Looks great from the top.. I didnt cut a single fan leaf on my GWS scrog, just the bottom. You can move the fan leaves out of the way.. they wont mind


----------



## smokingjoe (Aug 11, 2009)

I avoid cutting off fan leaves like the plague; unless of course they are unhealthy looking and will ultimately fall off anyway.


----------



## dirtyolsouth (Aug 12, 2009)

Hi everyone...

Thanks for stopping by the thread and chiming in.  Thanks for all the great SCROG ideas and observations Aplasia...  I think I'll just let it rock from here.

Peace!


----------



## TURKEYNECK (Aug 12, 2009)

dirtyolsouth said:
			
		

> Hi everyone...
> 
> Thanks for stopping by the thread and chiming in. Thanks for all the great SCROG ideas and observations Aplasia... I think I'll just let it rock from here.
> 
> Peace!


 
Thats right,  no need to tuck anymore....you runnin a journal mang?


----------



## Strawberry Cough (Aug 12, 2009)

Though this SCROG technique looks interesting, I don't understand what is the point to retard the growth of your plants.


----------



## smokingjoe (Aug 13, 2009)

Strawberry Cough said:
			
		

> Though this SCROG technique looks interesting, I don't understand what is the point to retard the growth of your plants.


 
Once the screen is filled there is no need for futher stretch.  Retarding it at that point can allow the plant to concentrate on bulking up the buds.


----------



## dirtyolsouth (Aug 13, 2009)

Strawberry Cough said:
			
		

> Though this SCROG technique looks interesting, I don't understand what is the point to retard the growth of your plants.
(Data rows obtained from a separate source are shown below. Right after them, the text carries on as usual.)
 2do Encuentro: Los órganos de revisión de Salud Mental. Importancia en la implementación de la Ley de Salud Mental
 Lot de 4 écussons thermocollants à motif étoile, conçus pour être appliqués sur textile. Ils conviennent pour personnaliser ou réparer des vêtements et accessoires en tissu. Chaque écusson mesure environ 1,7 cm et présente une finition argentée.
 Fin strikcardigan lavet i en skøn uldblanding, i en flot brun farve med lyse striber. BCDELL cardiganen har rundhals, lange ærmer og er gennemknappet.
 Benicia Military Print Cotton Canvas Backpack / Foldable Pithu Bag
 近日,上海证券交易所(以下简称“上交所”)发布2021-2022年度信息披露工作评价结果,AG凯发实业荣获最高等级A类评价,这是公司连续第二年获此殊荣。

Smokingjoe nailed it...   just look at him!   I could have flowered it smaller  with a smaller root structure and not use the Bushmaster and probably get close to the same fullness in the canopy but in theory with the increased veg and root zone it should bulk up a little more.  But I'll admit that the use of BM with a SCROG isn't necessary to control height just how much veg growth..

Peace!


----------



## TURKEYNECK (Aug 13, 2009)

Strawberry Cough said:
			
		

> Though this SCROG technique looks interesting, I don't understand what is the point to retard the growth of your plants.


 
Scrog is the best way to utilize ALL of your light.


----------



## Strawberry Cough (Aug 17, 2009)

Why not just continually top and keep spliting the buds without regarding growth with a screen?  It seems a little like the way the Japanese used to retard the growth of women's feet by keeping them in shoes way too small.


----------



## dirtyolsouth (Aug 20, 2009)

Strawberry Cough said:
			
		

> Why not just continually top and keep spliting the buds without regarding growth with a screen?  It seems a little like the way the Japanese used to retard the growth of women's feet by keeping them in shoes way too small.
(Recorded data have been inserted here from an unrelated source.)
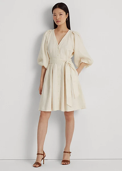 Cette robe patineuse se caractérise par des manches ballons volumineuses et une taille ceinturée. Confectionnée en lin léger pour un aspect et un toucher aériens, cette pièce est émaillée de boutons gravés de l’inscription « Lauren Ralph Lauren ».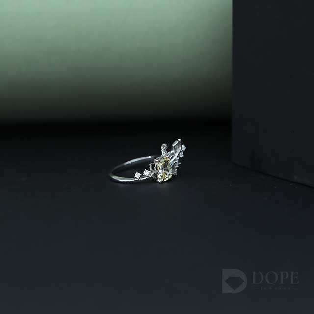 1.25CT Trendy IGI Certified Moissanite Solitaire with Tiny Pear & Marquise Shape Accents Unisex Engagement Ring Stainless Steel
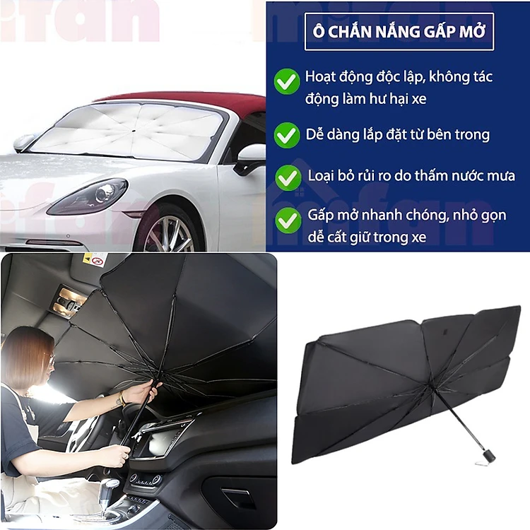 Ô che nắng kính trước xe ô tô, Dù che nắng kính lái Densu xe hơi bảo vệ nội thất ô tô chống nắng, chống tia UV hiệu quả dù che nắng kính lái xe hơi chống nóng, bảo vệ nội thất xe khi đỗ trời nắng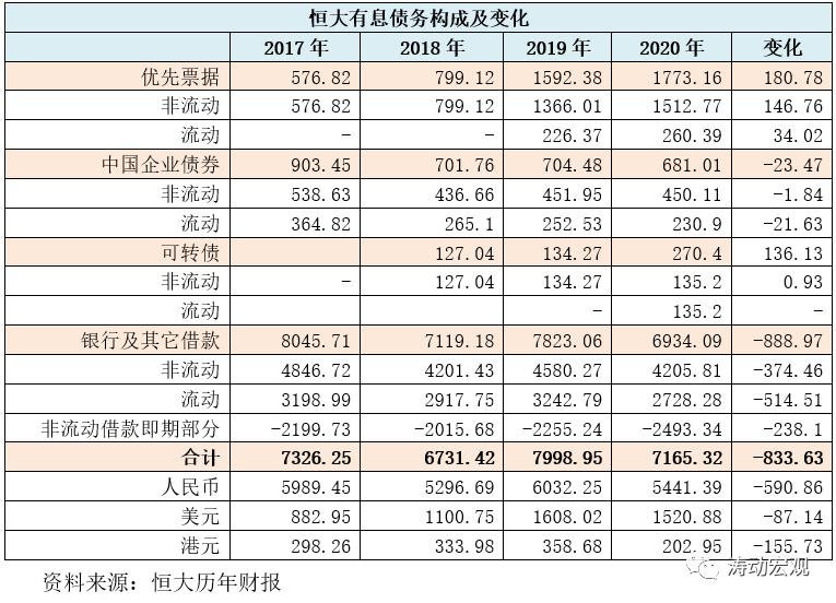 2、從有息債務的結構來看,從高到低依次為銀行及其它借款、優先票據、企業債券以及可轉債等四個部分,2020年全年銀行及其它借款累計壓降了888.97億元,是恒大有息債務壓降的主要部分。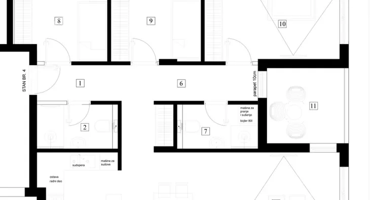 Stan sa pogledom ka dvorištu. Idealan raspored prostorija, sa tri spavaće sobe, kupatilom, velikom kuhinjom i terasom. Prostrana dnevna soba sa trpezarijom koja ima izlaz na terasu je centralni deo za okupljanje i uživanje sa porodicom i prijateljima. Prostorije pogoduju modernom načinu opremanja enterijera, uz odgovarajući prostor za garderobere. Stan se nalazi u središnjem delu zgrade, što mu daje dodatnu toplotnu izolaciju i niže troškove grejanja i hlađenja. Pored ovog stana na prvom spratu, u ponudi je i stan iste strukture na trećem spratu.

I'm the foot stuck in the shoe in this situation and it trickles right down to my plants.  It would be great if growing where I lived was legal but just like the majority of growers I live where you can get an orange jump suit and a suite courtesy of the state if you're caught growing weed.  It would be great if I had a nice space in a room and didn't have stuff my grow into a 2 x 4 x 8 closet but such is reality and until the man decides to do otherwise and stop persecuting this magic herb I'll keep doing whatever I have to in order to produce top quality meds in a less than ideal space. 

Peace!


----------



## robbiegy2k (Sep 15, 2009)

Not that i can make much of a judgement but it certainly looks good to me DOS   hopefully we'll see some pics nearer to harvest time


----------



## IRISH (Oct 26, 2009)

any updated pics dos?...


----------



## nvthis (Oct 27, 2009)

Yup Irish, I'm with you on that one!


----------



## dirtyolsouth (Oct 27, 2009)

Hi gang...

Well I'm a total schlub in this one...   At the time of harvest I had seedlings that were ready for sexing getting too big for my veg space and then....  In the 11th hour my WW started to spit out nanners....   so I remember harvesting the SCROG in a flurry of activity and alas... NO pics of the final screen...   

They didn't get much fatter above the screen but all the buds were very nicely and uniformly developed and dank...   I got around 3 oz off of her but god I HATE harvesting a screen of buds...  it's a real pain cuz the buds really grow into the chicken wire...   

Anyhoooo...  Onward & dankward...  no more SCROGS for me unless I have to hold buds out of the lights...

Peace!


----------



## dr pyro (Oct 29, 2009)

hey dirty just got some questions. how big of an area did you do this in and what was your light size


----------